▶ Work to be completed
Could you restate word for word the lines running from the one with "- Đăng nhập" to the end of the data, both ends included, but without pictures?

▶ Data extracts
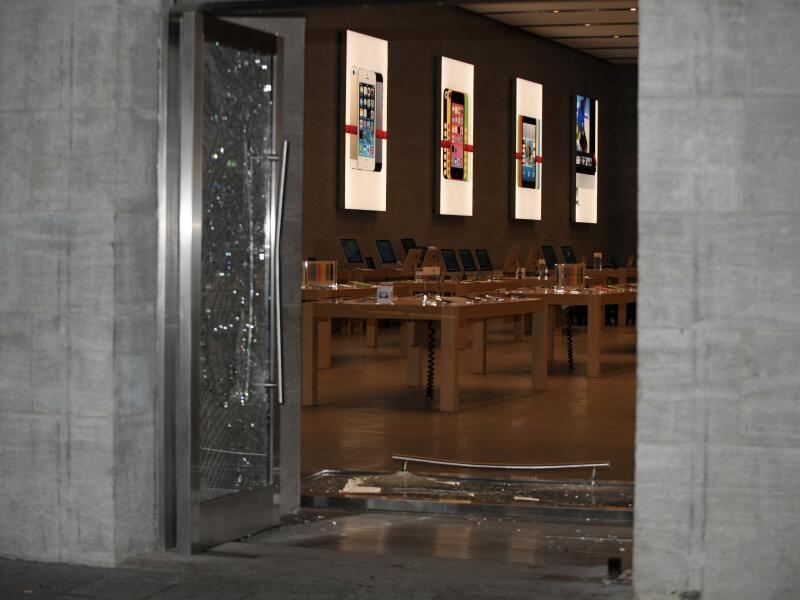 Zerstörter Eingangsbereich des Apple Stores in Berlin. Foto: Oliver Mehlis
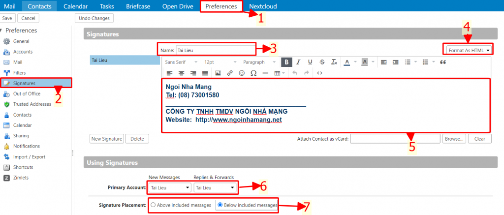 - Đăng nhập vào webmail >> chọn Preferences >> Signatures >> Tạo và định dạng trong mục Signatures
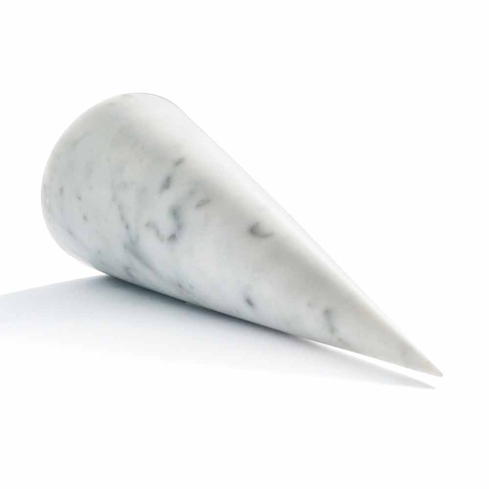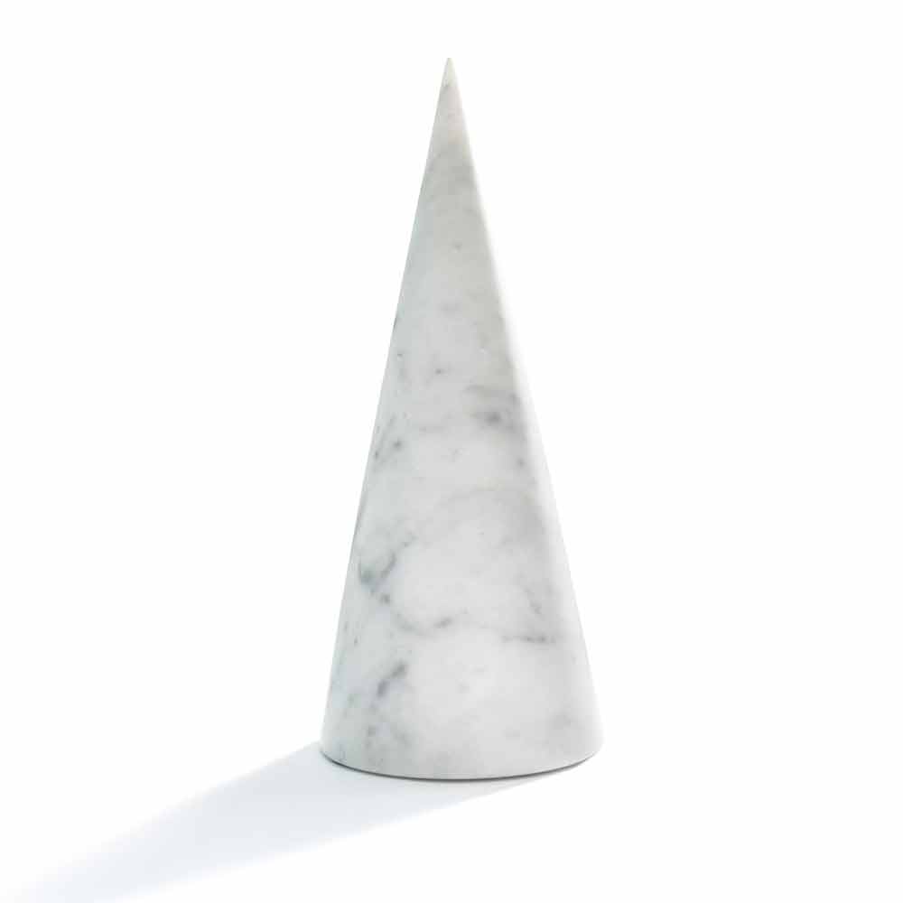 Stor dekorativ kegle lavet af hvid Carrara marmor . Det er et unikt stykke, da hver brugt marmorblok adskiller sig fra de andre for vener og nuancer.
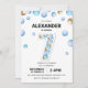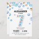 Invitación Séptima fiesta de cumpleaños, niño con globo azul
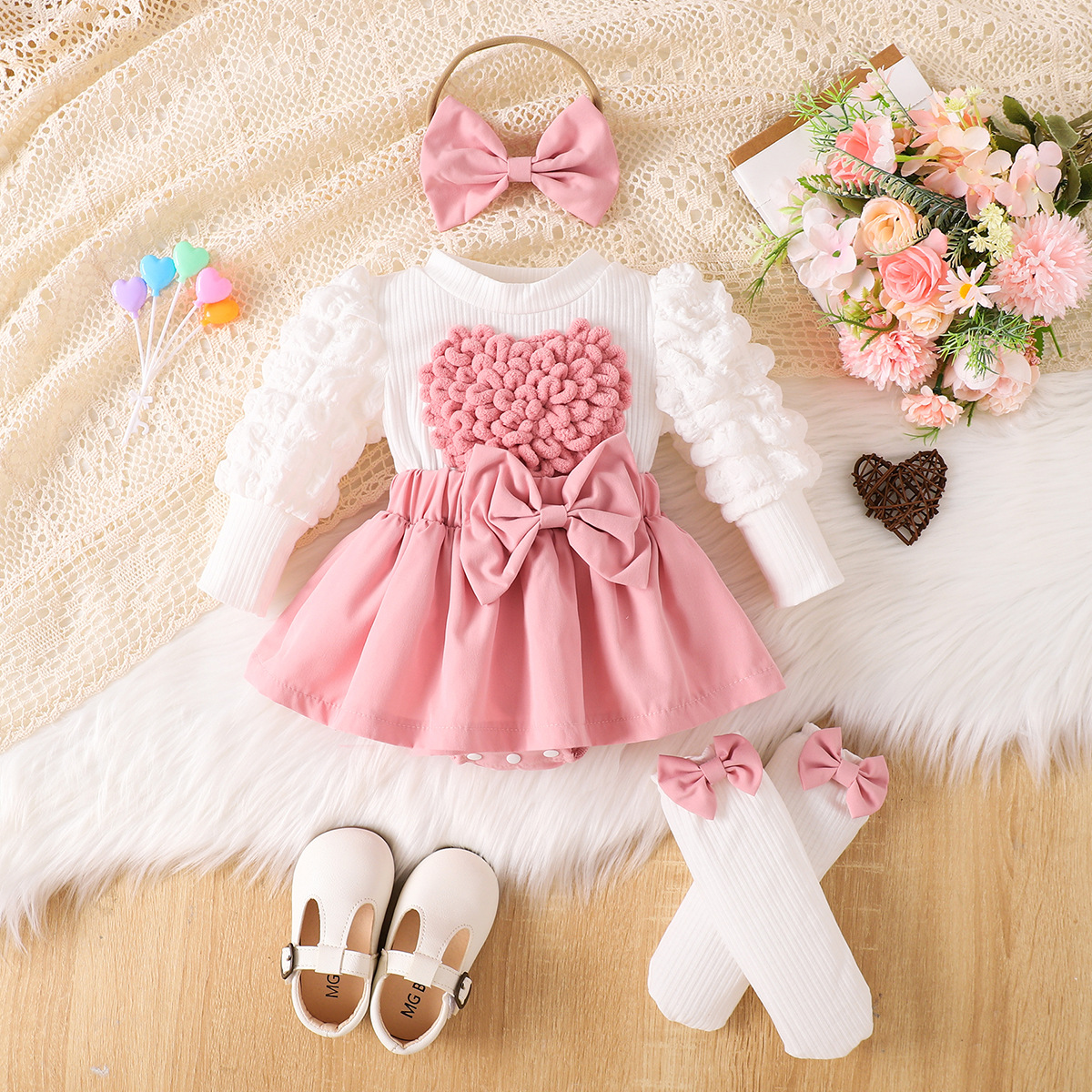 甜美爱心三角连体衣 白色泡泡袖粉色大蝴蝶结发箍袜子婴儿公主裙
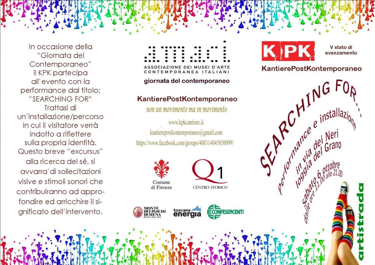 Mauro Gazzara come componente del KPK è presente all'evento artistico SEARCHING FOR... Performance e Installazione a Firenze Loggia del Grano via dei Neri Sabato 6 Ottobre 2012 in occasione della Giornata del Contemporaneo.

▶ Response area
 - Đăng nhập vào webmail >> chọn Preferences >> Signatures >> Tạo và định dạng trong mục Signatures
 Stor dekorativ kegle lavet af hvid Carrara marmor . Det er et unikt stykke, da hver brugt marmorblok adskiller sig fra de andre for vener og nuancer.
 Invitación Séptima fiesta de cumpleaños, niño con globo azul
 甜美爱心三角连体衣 白色泡泡袖粉色大蝴蝶结发箍袜子婴儿公主裙
 Mauro Gazzara come componente del KPK è presente all'evento artistico SEARCHING FOR... Performance e Installazione a Firenze Loggia del Grano via dei Neri Sabato 6 Ottobre 2012 in occasione della Giornata del Contemporaneo.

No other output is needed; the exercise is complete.